Jogja Sleman Bantul Gunungkidul Kulon Progo Sport Jogja 24 Jam Weekend Jateng Nusantara Internasional Ekonomi Education Expo Ramadan Sosok Opini Visual Report Urban Legend

Empat Komoditas Naik di Pasar Tradisional Gunungkidul, Harga Cabai dan Bawang Merah Picu Lonjakan

Yusuf Bastiar • Selasa, 5 Mei 2026 | 21:30 WIB
TERSEDIA: Penjual saat menjajakan berbagai macam komoditas pangan di Pasar Argosari Senin (20/4). (Yusuf Bastiar/Radar Jogja)
TERSEDIA: Penjual saat menjajakan berbagai macam komoditas pangan di Pasar Argosari Senin (20/4). (Yusuf Bastiar/Radar Jogja)

GUNUNGKIDUL - Perkembangan harga kebutuhan pokok di Kabupaten Gunungkidul menunjukkan dinamika pada awal Mei 2026. Dinas Perdagangan dan Tenaga Kerja (Disdagnaker) Gunungkidul mencatat empat komoditas yang mengalami kenaikan harga. Dengan cabai dan bawang merah menjadi penyumbang utama lonjakan.

Kepala Bidang Perdagangan Disdagnaker Gunungkidul Ris Heryani mengungkapkan, kenaikan paling mencolok terjadi pada cabai rawit merah yang kini menembus Rp 65.000 per kilogram atau naik Rp 15.000. Selain itu, cabai besar merah juga mengalami kenaikan menjadi Rp 45.000 per kilogram atau naik Rp 5.000.

Baca Juga: Jaga Ketahanan Pangan, Pemkot Jogja Siapkan Gerakan Pasar Murah Sasar 14 Kemantren hingga November

“Selain cabai, bawang merah juga mengalami kenaikan menjadi Rp 40.000 per kilogram atau naik Rp 4.000,” ujarnya kemarin (5/5).

Sementara itu, komoditas lain yang turut naik adalah daging ayam ras. Harga daging ayam tercatat berada di angka Rp 37.000 per kilogram atau mengalami kenaikan sekitar Rp 2.000 dibanding sebelumnya.

Baca Juga: Derby DIY Kembali, Pelatih PSIM Jogja Van Gastel Sambut Promosi PSS Sleman ke Super League

Ris menjelaskan, kenaikan harga sejumlah komoditas tersebut dipengaruhi oleh faktor pasokan dan permintaan pasar. Komoditas hortikultura seperti cabai dan bawang cenderung fluktuatif, terutama dipengaruhi kondisi cuaca dan distribusi.

“Cabai memang komoditas yang sangat sensitif terhadap cuaca. Kalau pasokan berkurang, harga langsung naik,” jelasnya.

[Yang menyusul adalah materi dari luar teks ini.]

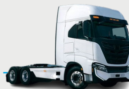
TRACTEUR PILE À COMBUSTIBLE IVECO
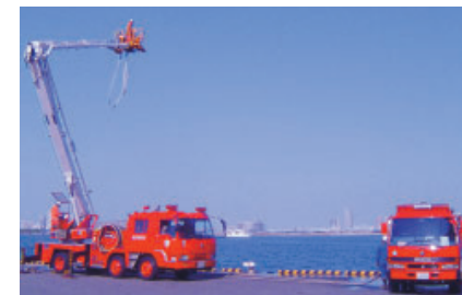
空中作業車放水訓練

その他、災害時にお年寄りや体の不自由な方が避難するのを助けたりする「消防のふれあいネットワーク」づくりを、町会・自治会の皆さんに呼びかけています。ご協力をお願いします。
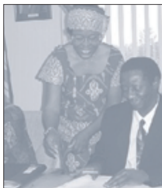
Construção da Comunidade 13
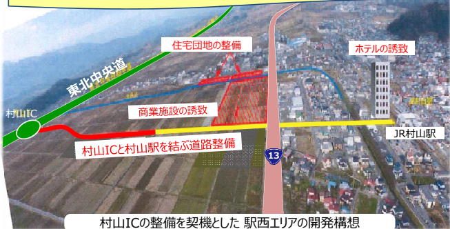
村山ICの整備を契機とした 駅西エリアの開発構想

高速道路への好アクセスを活かしたまちづくりやイベントの開催 高速道路を活かした広域都市圏の形成
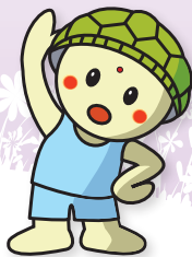
かめぞう 亀蔵くん
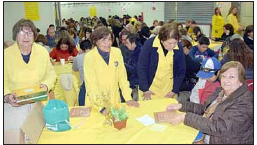
SIEMPRE DE AMARILLO. - Estas voluntarias llevan muchos años sirviendo al prójimo con abnegada entrega.
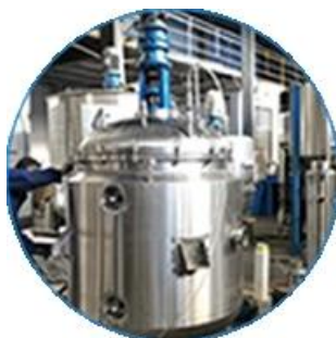
Сливочная линия машины
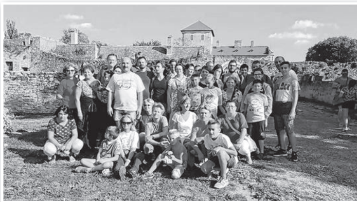
Tolnai nagycsaládosok a tatai várnál

Tatán, az „élővizek városában” rendezte hagyományos őszi találkozóját a Nagycsaládosok Országos Egyesülete. Az eseményen a Nagycsaládosok Tolnai Egyesülete is részt vett szeptember 15-16-án. A tolnaiak a találkozó első napján a várat, majd az Öreg-tavat tekintették meg, illetve a helyi kisvonattal, a Dottóval, idegenvezetés mellett ismerkedtek a nevezetességekkel. Megcsodálták a Tata melletti Fényes karsztforrás-csoportjánál kialakított, 2015-ben épült egyedülálló, 1350 méter hosszú cölöpsétányt is, ahol felfedezték a lappidék páratlan állat- és növényvilágát. Az Öreg-tó Hotelben eltöltött éjszaka, majd a közös reggeli után a második nap a tatabányai Fényes Fürdő nyújtotta élményekkel telt el. A kirándulást – már hagyományként – a dunaföldvári fagyaltozóban zárta a tolnai csoport.
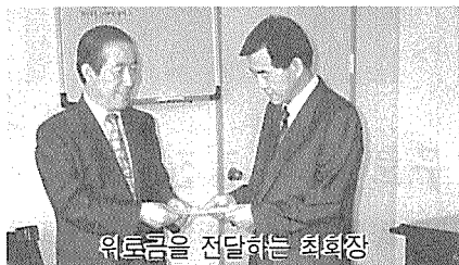
위로금을 전달하는 최회장
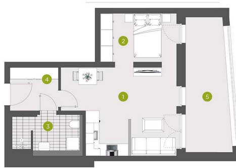
Standort im Gebäude/Geschoss
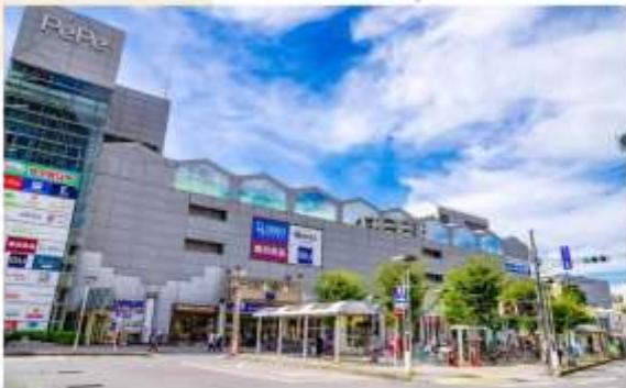
SHOPPING AT SHINJUKU
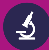
Mens & natuur

Di sisi lain, sejumlah komoditas kebutuhan pokok lainnya relatif stabil. Harga beras premium tercatat Rp 14.900 per kilogram, beras medium Rp 13.200 per kilogram, serta minyak goreng kemasan premium Rp 22.500 per liter. Minyak goreng curah juga stabil di angka Rp 22.000 per liter, sementara MinyaKita berada di kisaran Rp 15.500 per liter. 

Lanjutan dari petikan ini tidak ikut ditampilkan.